Introduction

Coumarins are a family of secondary metabolites that are widely found in various plants, fungi, and microorganisms. According to their biosynthetic pathways, coumarins are divided into three main groups, i.e., the shikimate acid pathway, cinnamic acid pathway, and phenylalanine metabolic pathway [1]. Coumarins are organic heterocyclic compounds derived from the phenylpropane. The parent nucleus skeleton structure is benzo-α-pyrone, which can be divided into four categories according to the different substituents on the benzene ring. These are known as simple coumarins, furan coumarins, pyran coumarins, and other substituted coumarins [2]. There are a large number of descriptions in existence of the phenylpropanoid biosynthetic pathway for several classes of compounds, such as flavonoids and lignins. Nevertheless, few studies have been conducted on the in-depth prospects of biosynthesis routes required for coumarins [3].

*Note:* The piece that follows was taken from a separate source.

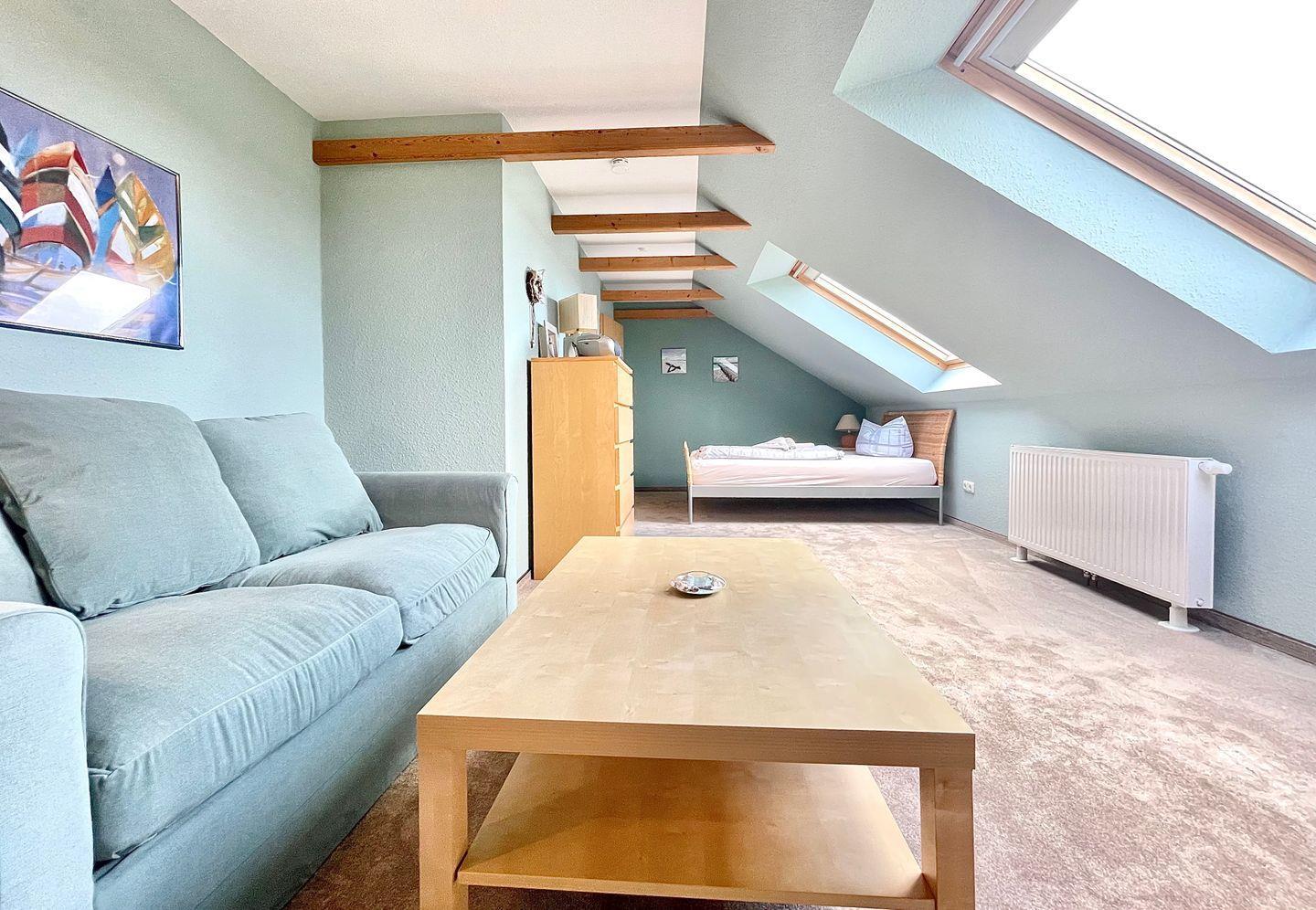 In dieser FeWo auf Langeoog gibt es zwei Schlafzimmer mit jeweils einem Doppelbett ( 180x200 und oben 140x200 ), das eine im Untergeschoss und das andere im geräumigen Obergeschoss, dieses ist durch eine Raumspartreppe zu erreichen, mit dazugehöriger Kuschelecke zum Relaxen.

Scopoletin (7-hydroxy-6-methoxy coumarin), is a typical representative of the coumarin family. The substance is derived from the carbon skeleton C6-C3 and contains a flavonoid skeleton core in a 1,2-benzopyrone structure [4], with methoxylation and hydroxylation modifications of the benzene ring. As shown in Fig. 1, it is a phenolic coumarin compound found in Arabidopsis thaliana [5]and other plants [6,7,8,9,10,11,12] with the phenylpropane pathway. Its medicinal value has been of great interest around the world [13]. Scopoletin (SPT) has been reported in vitro pharmacological activity, including anti-bacterial [6], anti-fungal [14, 15], anti-tubercular [7], and anti-hypertensive [16] properties. The proven in vivo pharmacological activity includes anti-inflammatory [17,18,19,20,21], neurological [4, 22,23,24], anti-diabetic [20, 25] and anti-hyperuricemia [26] properties. Fraxetin (7,8-dihydroxy-6-methoxy coumarin) is synthesized from scopoletin by the hydroxylation at the C8 position and is involved in iron metabolism in plants [27, 28]. Fraxetin was also found to exert beneficial effects including anti-inflammatory [29], anti-hyperglycemic [30], antitumor [31, 32], etc. Sideretin (5,7,8-trihydroxy-6-methoxycoumarin) can efficiently mobilize and reduce insoluble Fe3+, and rescue the chlorotic phenotypes of wild-type plants under conditions of deficient iron availability [33].

Fig. 1
figure 1

The plant sources and pharmaceutical values of scopoletin

Currently, coumarins are mainly produced by chemical synthesis, and extraction from plants. With the increasing demand for coumarins, the traditional method of extraction from plants or chemical synthesis is considered unsustainable, due to the high production costs involved. Recently, artificial microbial cell factories seems to be a promising strategy for the large-scale and economically viable production of coumarins. With this aim in mind, this review focuses on the production of scopoletin in microbial cell factories (MCFs) using synthetic biology methods.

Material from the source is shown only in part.